Hidden behind an old terrace facing London Fields is a back street with a scrapyard and a car repair garage, and a row of anonymous industrial units where painter Jock McFadyen has his studio. You enter through a narrow alley round the back to discover Jock in his lair, a scrawny Scotsman with freckles, tufts of ginger hair, and beady eyes that look right through you. Yet such is the modesty of his demeanour, he acted more like the caretaker than the owner – concentrating on the coffee and biscuits, and leaving me to gasp at his vast canvasses of landscapes on a scale uncommon in our age.

With plain titles such as “Dagenham,” “Looking West,” “Pink Flats,” and “Popular Enclosure,” Jock McFadyen evokes the terrain where East London unravels into Essex beneath apocalyptic northern skies, encompassed by an horizon that extends beyond your field of vision when you stand in front of these pictures. The works of man appear insubstantial, either dwarfed by the scale of the landscape or partly obscured by meteorological effects.

Originating from Paisley, Jock has lived and worked in the East End since 1978, with studios in Butler’s Wharf, Bow and the Truman Brewery before arriving in London Fields fifteen years ago.
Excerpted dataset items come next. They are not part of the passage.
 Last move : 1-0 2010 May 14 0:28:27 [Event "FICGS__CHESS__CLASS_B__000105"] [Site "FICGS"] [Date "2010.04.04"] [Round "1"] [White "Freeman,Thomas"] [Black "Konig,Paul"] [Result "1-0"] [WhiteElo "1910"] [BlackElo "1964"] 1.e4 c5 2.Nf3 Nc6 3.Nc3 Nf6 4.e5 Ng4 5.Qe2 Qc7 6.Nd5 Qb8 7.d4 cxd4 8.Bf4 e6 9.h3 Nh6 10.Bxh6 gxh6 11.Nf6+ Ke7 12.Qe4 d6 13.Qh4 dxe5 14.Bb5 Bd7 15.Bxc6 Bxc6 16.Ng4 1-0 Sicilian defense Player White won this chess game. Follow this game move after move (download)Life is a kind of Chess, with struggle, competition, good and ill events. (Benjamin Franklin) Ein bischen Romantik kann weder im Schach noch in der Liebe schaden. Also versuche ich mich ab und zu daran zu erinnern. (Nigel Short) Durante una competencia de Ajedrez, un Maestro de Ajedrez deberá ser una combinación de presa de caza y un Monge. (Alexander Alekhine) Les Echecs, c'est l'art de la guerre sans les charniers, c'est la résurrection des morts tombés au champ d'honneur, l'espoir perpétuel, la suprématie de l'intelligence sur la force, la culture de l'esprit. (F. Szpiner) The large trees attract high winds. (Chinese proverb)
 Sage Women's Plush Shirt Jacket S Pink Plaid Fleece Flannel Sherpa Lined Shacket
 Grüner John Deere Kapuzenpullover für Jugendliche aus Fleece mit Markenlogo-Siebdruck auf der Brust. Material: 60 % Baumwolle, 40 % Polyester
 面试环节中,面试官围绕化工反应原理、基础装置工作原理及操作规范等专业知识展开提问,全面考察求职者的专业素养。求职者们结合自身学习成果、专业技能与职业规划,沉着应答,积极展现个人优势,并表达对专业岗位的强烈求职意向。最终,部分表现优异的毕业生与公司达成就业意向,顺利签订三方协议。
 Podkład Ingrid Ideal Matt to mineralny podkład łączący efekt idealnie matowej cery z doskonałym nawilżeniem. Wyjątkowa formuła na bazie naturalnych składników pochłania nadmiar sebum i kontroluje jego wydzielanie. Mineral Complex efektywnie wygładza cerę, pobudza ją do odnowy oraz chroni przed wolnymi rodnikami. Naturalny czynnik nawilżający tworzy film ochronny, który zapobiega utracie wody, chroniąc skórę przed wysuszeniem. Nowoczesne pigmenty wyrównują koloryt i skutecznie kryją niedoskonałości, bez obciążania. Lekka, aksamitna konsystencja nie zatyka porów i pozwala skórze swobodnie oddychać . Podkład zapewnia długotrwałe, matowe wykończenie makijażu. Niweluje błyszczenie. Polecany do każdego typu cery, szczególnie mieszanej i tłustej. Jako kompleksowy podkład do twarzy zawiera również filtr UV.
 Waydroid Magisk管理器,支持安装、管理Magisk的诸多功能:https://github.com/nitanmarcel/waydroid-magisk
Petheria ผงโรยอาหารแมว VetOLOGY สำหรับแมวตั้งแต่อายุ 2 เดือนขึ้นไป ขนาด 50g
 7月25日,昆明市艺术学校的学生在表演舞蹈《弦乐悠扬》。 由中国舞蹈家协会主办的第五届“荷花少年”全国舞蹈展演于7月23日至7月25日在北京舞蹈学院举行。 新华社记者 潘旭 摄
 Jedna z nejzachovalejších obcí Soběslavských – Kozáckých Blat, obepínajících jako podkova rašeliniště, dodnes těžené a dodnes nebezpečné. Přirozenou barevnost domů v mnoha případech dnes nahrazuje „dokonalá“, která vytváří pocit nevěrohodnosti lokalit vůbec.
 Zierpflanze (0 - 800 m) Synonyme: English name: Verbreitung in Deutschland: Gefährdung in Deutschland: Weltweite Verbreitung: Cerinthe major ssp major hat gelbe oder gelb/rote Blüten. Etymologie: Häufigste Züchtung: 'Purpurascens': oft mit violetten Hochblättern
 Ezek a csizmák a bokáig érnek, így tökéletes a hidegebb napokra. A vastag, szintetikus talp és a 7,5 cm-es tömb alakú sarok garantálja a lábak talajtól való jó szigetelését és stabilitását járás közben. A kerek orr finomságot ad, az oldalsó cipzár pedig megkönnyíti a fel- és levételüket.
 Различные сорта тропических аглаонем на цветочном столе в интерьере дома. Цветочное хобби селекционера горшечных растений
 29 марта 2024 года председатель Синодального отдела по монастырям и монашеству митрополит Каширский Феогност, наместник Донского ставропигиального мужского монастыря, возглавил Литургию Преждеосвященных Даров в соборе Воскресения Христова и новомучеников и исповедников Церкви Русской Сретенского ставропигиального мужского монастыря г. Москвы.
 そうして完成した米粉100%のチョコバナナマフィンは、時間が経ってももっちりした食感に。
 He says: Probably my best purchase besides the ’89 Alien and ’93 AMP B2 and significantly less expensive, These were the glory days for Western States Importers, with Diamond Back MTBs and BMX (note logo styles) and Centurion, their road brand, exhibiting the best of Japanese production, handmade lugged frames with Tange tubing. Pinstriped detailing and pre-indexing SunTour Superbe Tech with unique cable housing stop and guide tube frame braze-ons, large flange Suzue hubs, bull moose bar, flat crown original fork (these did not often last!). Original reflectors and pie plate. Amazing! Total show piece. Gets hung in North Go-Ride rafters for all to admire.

Although he has painted a whole series of epic landscapes of the East End, Jock remains ambivalent about its impact upon his work. “It’s difficult to say how much a place affects you because my real influences are other painters like Lowry and Sickert,” he admitted to me with a shrug, “You’re never just painting what’s in front of your nose, you’re aware of the history of painting.”

“When I was a student at Chelsea in the seventies, the previous generation were the pop artists and my work was quite stark and self-referential.” he confessed with a chuckle, breaking into a shy grin, “But when I became Artist in Residence at the National Gallery in 1981, I realised I couldn’t spend my life just making art about art, so I started painting what I saw in the street – What could be less fashionable?”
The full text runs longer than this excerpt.